§ **INPUT FOR THIS TASK**:
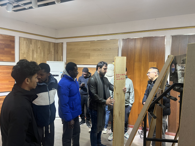 江苏南洋木业有限公司销售经理程文俊热情招待了51视频 一行人,并简要阐述了企业概况、主营产品与运营模式。在交流环节,程文俊耐心解答51视频 关于公司产品竞争优势、市场拓展等方面的疑问。随后,程文俊带领中外学生参观了公司样板间以及生产线,学生们直观感受产品从原料到成品的转变。
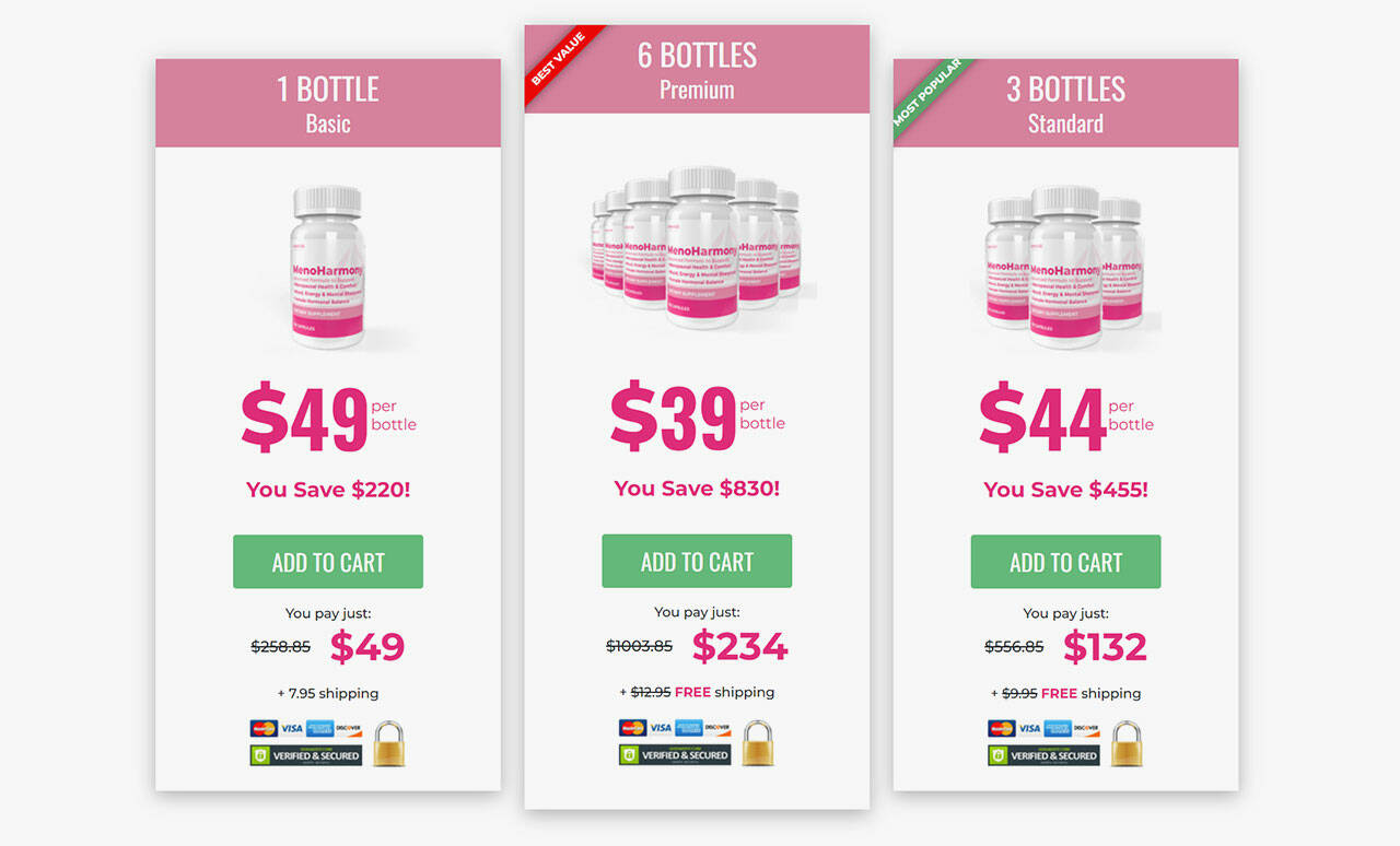 - 3 bottles, or the standard package of MenoHarmony will cost $132, here each bottle costs $44.
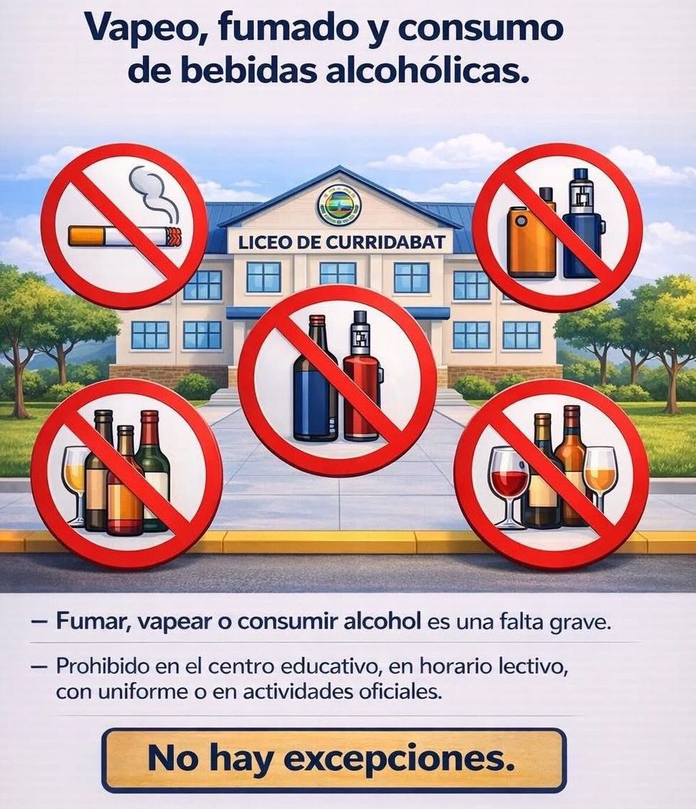 Finalmente, el MEP enfatiza que fumar, vapear o consumir bebidas alcohólicas constituye una falta grave, por lo cual se prohíbe su consumo dentro de la institución, en horario lectivo, con uniforme o durante actividades oficiales, sin excepciones.
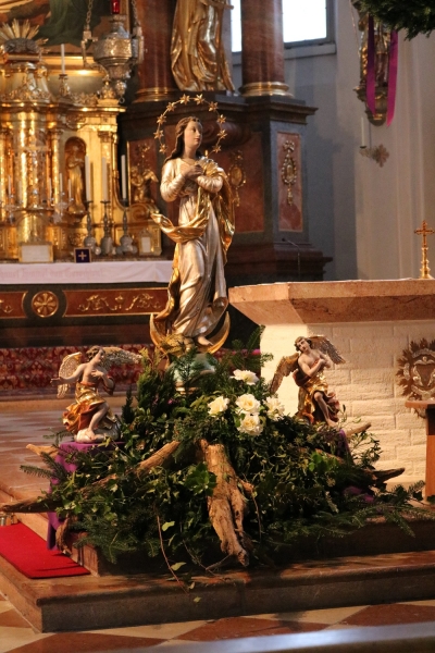 Der Barbaramarkt am Sonntag wurde wieder gut besucht. Die Kayer Sängerinnen und die Eckbankmusik sangen und spielten in der Stiftskirche weihnachliche Lieder und Waisen.
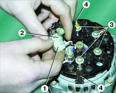 8. Затем откручиваем крепежный винт и снимаем конденсатор, который установлен под щеткодержателем. Отсоединяем колодку №1 с проводом от конденсатора №2. Потом откручиваем четыре винта №3, отгибаем выводы №4 обмотки, а затем снимаем выпрямительный блок.
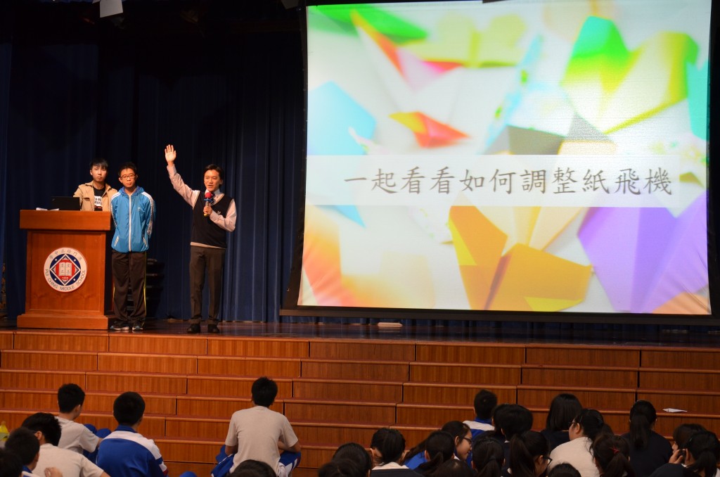 4月20日整個上午,初二級同學進行科學學習活動和競賽。期間邀請了澳門大學科技學院機電工程系劉承堅博士、世界紙飛機大賽最佳隊伍成員馬英同學、余樂健同學來校分享,向同學們介紹紙飛機的飛行原理,讓其見識到世界級選手的紙飛機飛行示範,有助修正自己製作的紙飛機並隨即進行比賽。
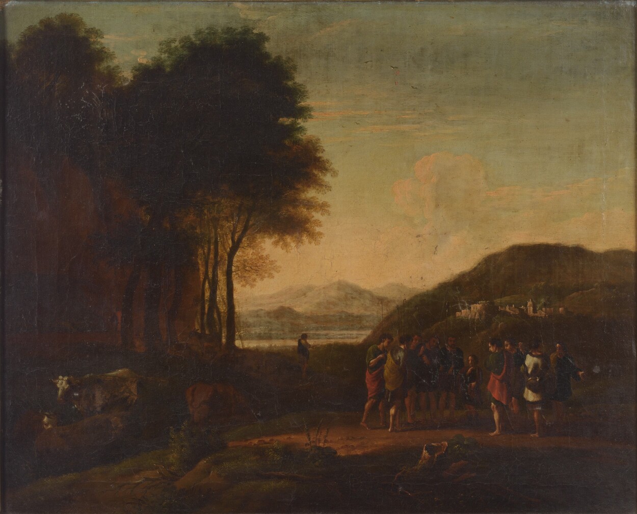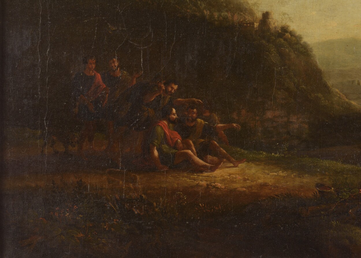 Maximilian Neustück (1756 - 1834) Coppia di paesaggi con personaggi 1795 Olio su tela 54 x 67 cm
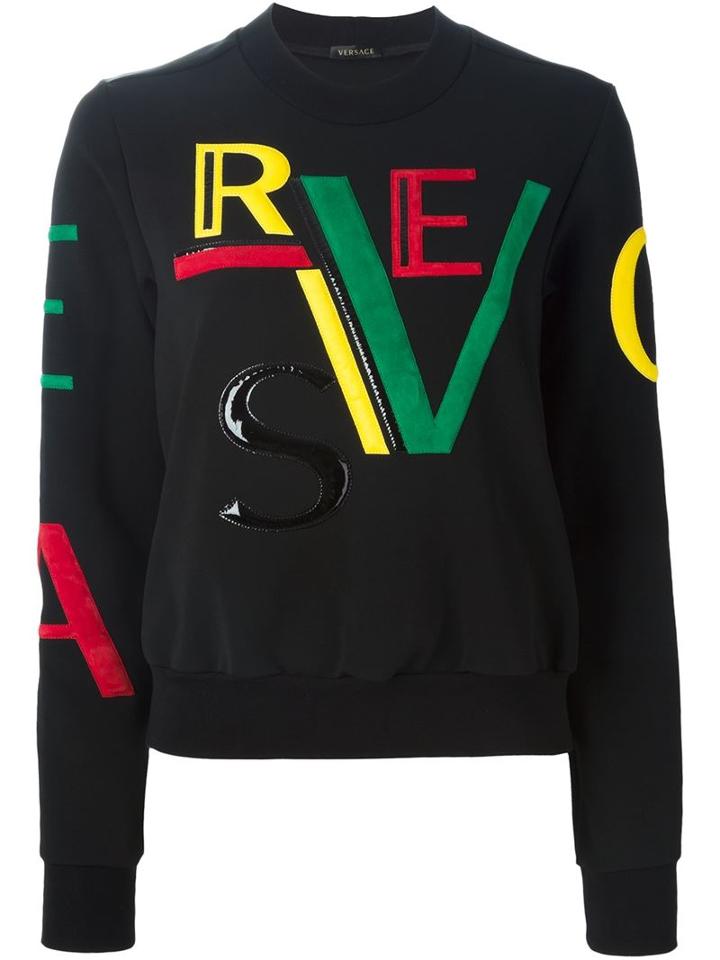 Black silk blend and leather logo sweatshirt from Versace featuring a crew neck, long sleeves, leather panels and a ribbed hem and cuffs. Size: 42. Color: Black. Gender: Female. Material: Viscose/Polyamide/Spandex/Elastane/Spandex/Elastane.
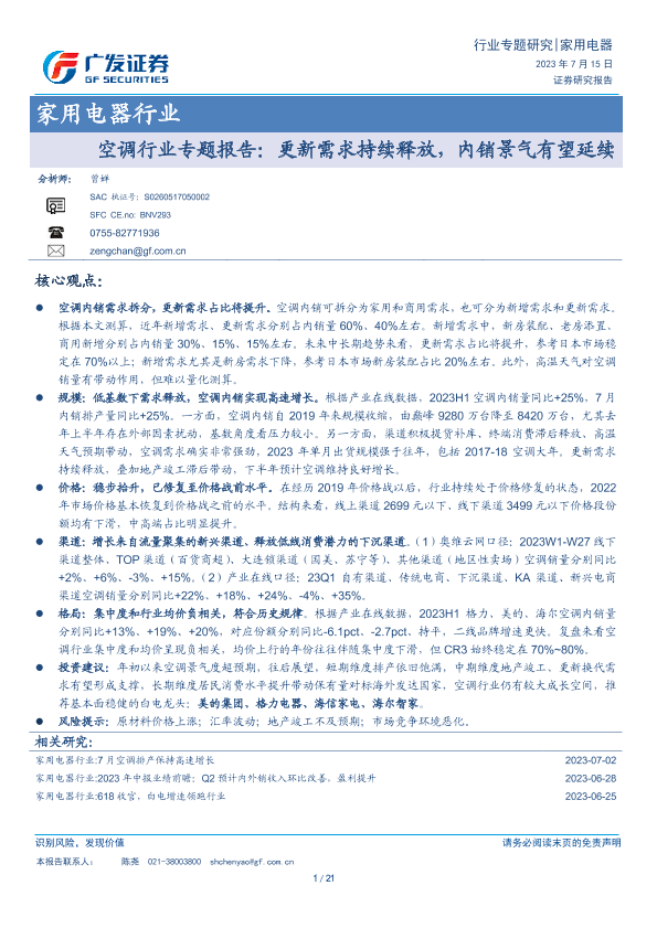 【广发证券】【20230715】空调行业专题报告:更新需求持续释放,内销景气有望延续-21页
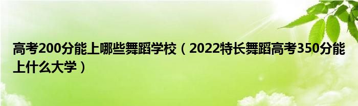 大家好,小高來為大家解答以上問題。高考200分能上哪些舞蹈學(xué)校,2022特長舞蹈高考350分能上什么大學(xué)很多人還不知道,現(xiàn)在讓我們一起來看看吧!
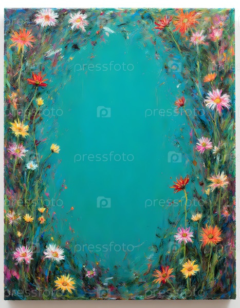 Вибрирующие дикие цветы расцветают вокруг тихого бирюзового пространства, приглашая к творчеству и теплоте.Этот фон открытки предлагает холст для сердечных замечаний и радостных чувств Generative AI
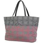 シャネル CHANEL ニュートラベルライン トートMM ココマーク ハンドバッグ ナイロンジャガード グレー ピンク A47147 レディース 中古
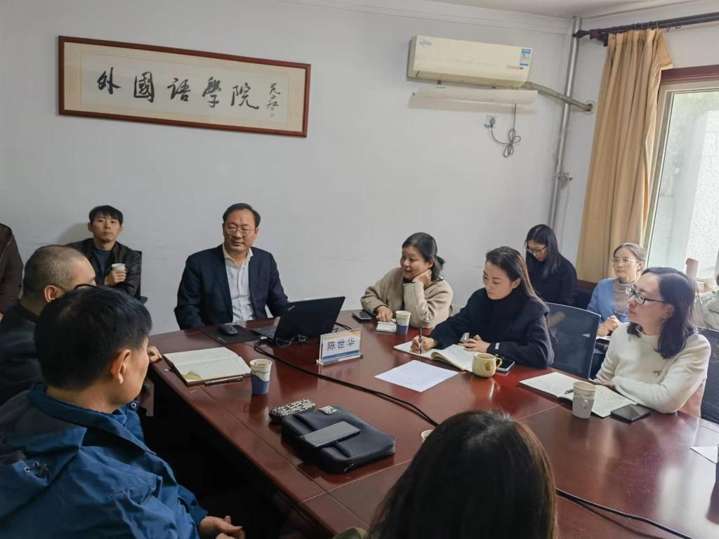 11月9日上午,南京工业大学外国语言文学威尼斯人app 院长、三级教授、扬州大学博士生导师陈世华教授应邀莅临威尼斯人app“威尼斯人app 讲坛”第一百五十二讲,作了题为“外语学科跨学科发展:趋势、方向与问题”的学术报告。报告由院长于秀金主持,院长助理冯晶、张斐瑞、聂喆及部分教师聆听了本次报告。

§ **HOW TO COMPLETE THIS TASK**: Set down every record word for word and leave out the pictures.

§ **RESULT FOR THIS EXERCISE**:
 江苏南洋木业有限公司销售经理程文俊热情招待了51视频 一行人,并简要阐述了企业概况、主营产品与运营模式。在交流环节,程文俊耐心解答51视频 关于公司产品竞争优势、市场拓展等方面的疑问。随后,程文俊带领中外学生参观了公司样板间以及生产线,学生们直观感受产品从原料到成品的转变。
 - 3 bottles, or the standard package of MenoHarmony will cost $132, here each bottle costs $44.
 Finalmente, el MEP enfatiza que fumar, vapear o consumir bebidas alcohólicas constituye una falta grave, por lo cual se prohíbe su consumo dentro de la institución, en horario lectivo, con uniforme o durante actividades oficiales, sin excepciones.
 Der Barbaramarkt am Sonntag wurde wieder gut besucht. Die Kayer Sängerinnen und die Eckbankmusik sangen und spielten in der Stiftskirche weihnachliche Lieder und Waisen.
 8. Затем откручиваем крепежный винт и снимаем конденсатор, который установлен под щеткодержателем. Отсоединяем колодку №1 с проводом от конденсатора №2. Потом откручиваем четыре винта №3, отгибаем выводы №4 обмотки, а затем снимаем выпрямительный блок.
 4月20日整個上午,初二級同學進行科學學習活動和競賽。期間邀請了澳門大學科技學院機電工程系劉承堅博士、世界紙飛機大賽最佳隊伍成員馬英同學、余樂健同學來校分享,向同學們介紹紙飛機的飛行原理,讓其見識到世界級選手的紙飛機飛行示範,有助修正自己製作的紙飛機並隨即進行比賽。
 Maximilian Neustück (1756 - 1834) Coppia di paesaggi con personaggi 1795 Olio su tela 54 x 67 cm
 Black silk blend and leather logo sweatshirt from Versace featuring a crew neck, long sleeves, leather panels and a ribbed hem and cuffs. Size: 42. Color: Black. Gender: Female. Material: Viscose/Polyamide/Spandex/Elastane/Spandex/Elastane.
 【广发证券】【20230715】空调行业专题报告:更新需求持续释放,内销景气有望延续-21页
 大家好,小高來為大家解答以上問題。高考200分能上哪些舞蹈學(xué)校,2022特長舞蹈高考350分能上什么大學(xué)很多人還不知道,現(xiàn)在讓我們一起來看看吧!
 Вибрирующие дикие цветы расцветают вокруг тихого бирюзового пространства, приглашая к творчеству и теплоте.Этот фон открытки предлагает холст для сердечных замечаний и радостных чувств Generative AI
 シャネル CHANEL ニュートラベルライン トートMM ココマーク ハンドバッグ ナイロンジャガード グレー ピンク A47147 レディース 中古
 11月9日上午,南京工业大学外国语言文学威尼斯人app 院长、三级教授、扬州大学博士生导师陈世华教授应邀莅临威尼斯人app“威尼斯人app 讲坛”第一百五十二讲,作了题为“外语学科跨学科发展:趋势、方向与问题”的学术报告。报告由院长于秀金主持,院长助理冯晶、张斐瑞、聂喆及部分教师聆听了本次报告。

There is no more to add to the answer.